Участники: Двадцать (20) пациентов, страдающих болезнью отложения гадолиния (БГД).
Процедуры: В течение серии из трех (3) временных точек лечения пациентов будут лечить внутривенно Ca-DTPA в первый день и Zn-DTPA во второй день.
Обзор исследования
Статус
Вмешательство/лечение
Тип исследования
Регистрация (Действительный)
Фаза
- Фаза 2
- Фаза 1
Контакты и местонахождение
Места учебы
-
-
North Carolina
-
Chapel Hill, North Carolina, Соединенные Штаты, 27599
- UNC Hospitals
-
-
Критерии участия
Критерии приемлемости
Возраст, подходящий для обучения
Принимает здоровых добровольцев
Полы, имеющие право на обучение
Описание
Критерии включения: наличие 3 или более из следующих симптомов, которые должны присутствовать после введения GBCA:
- Когнитивное расстройство
- Боль в конечностях
- Головная боль
- Боль в грудной клетке
- Индурация кожи
- Гиперпигментация кожи
- Кожная боль
- Артралгия
Критерий исключения:
- Беременные или кормящие
- Меньше 18 лет
- Нет признаков гадолиния (должно быть показано предварительное проявление Gd в анализе мочи или биопсии кости)

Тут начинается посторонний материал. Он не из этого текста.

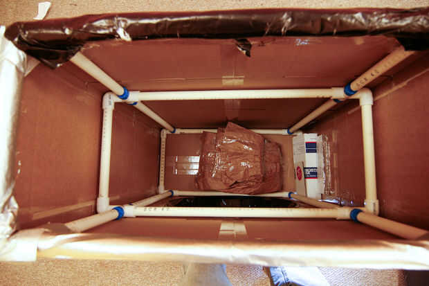 quería el traje para ser algo resistente, por lo que la estructura principal es de PVC. Yo no tenía ningún cemento PVC así que graba solo los puntos de conexión de la estructura. Asegúrese de que toda la estructura es lo suficientemente grande para adaptarse a ti y y tienes una caja de cartón lo suficientemente grande para que lo rodean. Tuve uno que era grande suficiente así que terminé grabando y doblar cajas de cartón pequeñas para hacer que la piel de la cámara.

- Известное заболевание соединительной ткани, такое как системная красная волчанка или склеродермия.
- Тяжелый гемохроматоз или болезнь Вильсона
- Скорость клубочковой фильтрации (СКФ) ≤ 60
- Принимали исследуемый препарат в течение последних 30 дней
- Невозможно дать письменное согласие
- Рассеянный склероз
- Хроническая сердечная недостаточность
- Цирроз печени
Учебный план
Как устроено исследование?
Детали дизайна
- Основная цель: Уход
- Распределение: Н/Д
- Интервенционная модель: Одногрупповое задание
- Маскировка: Нет (открытая этикетка)
Оружие и интервенции
Группа участников / Армия |
Вмешательство/лечение |
---|---|
Экспериментальный: Кальций DTPA, затем цинк DTPA
Субъектам внутривенно вводили Ca-DTPA в 1-й день и Zn-DTPA в 2-й день в каждый момент времени лечения.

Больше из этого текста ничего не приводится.